What's your price range for a frame? You could get a cheap carbon frame direct from China for $350ish. That would keep it light.


----------



## redwarrior (Apr 12, 2007)

Thanks for the idea about the chinese carbon frame. I'd like aluminum because I don't trust him not to destroy the carbon somehow. Actually, he'd probably be fine with one so I'll keep that in mind.


----------



## othello (Apr 10, 2012)

redwarrior said:


> My son is about ready for a 26" bike & I found a screaming deal on a bike with top level components -X0 9speed, Elixer CR brakes, SID fork & lightweight Crank Bros wheelset. The only problem is that all that is on a medium frame & he'll need an XS or at most S frame (13" - 15"). I've been searching all over the internet & am coming up pretty much empty.

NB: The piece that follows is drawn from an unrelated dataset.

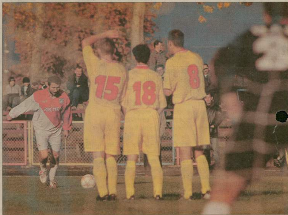
Debrzneński MKS gra nierówno. Czy pokona Pogoń Lębork, z którą zmierzy się w tym tygodniu?

I'd like to keep the cost low. I'd love to find an On One Scandal in a 14" frame but can't kind one. I'm thinking Inbred but it'll be pretty heavy. Performance has a frame I'm interested in but the 14" won't be back in stock for 8 weeks or so. Another option I thought about was a bikesdirect full bike purchase, use the frame until he's outgrown it, rebuild & sell it after that. The have a 13" aluminum frame that would fit him quite well, I think.
> 
> Any other suggestions?


if the full bike build is that good a deal then go for it, and save the frame for when he grows. The look for a replacement XS frame.

I have done XS 26" wheel self-builds for both my children (aged 10 & 9), and the hardest part was sourcing the frame! For both I picked up the parts gradually in sales, eBay and the spares box in my shed. But finding a 13"/14" frame took a while.

My son currently has a 2008 13" Specialised Rockhopper, which has been great. Pretty light AND bombproof. My daughter has a 14" Cube alloy frame which is stupidly light. The only problem is it has a very short top tube, and she is getting a bit cramped on it.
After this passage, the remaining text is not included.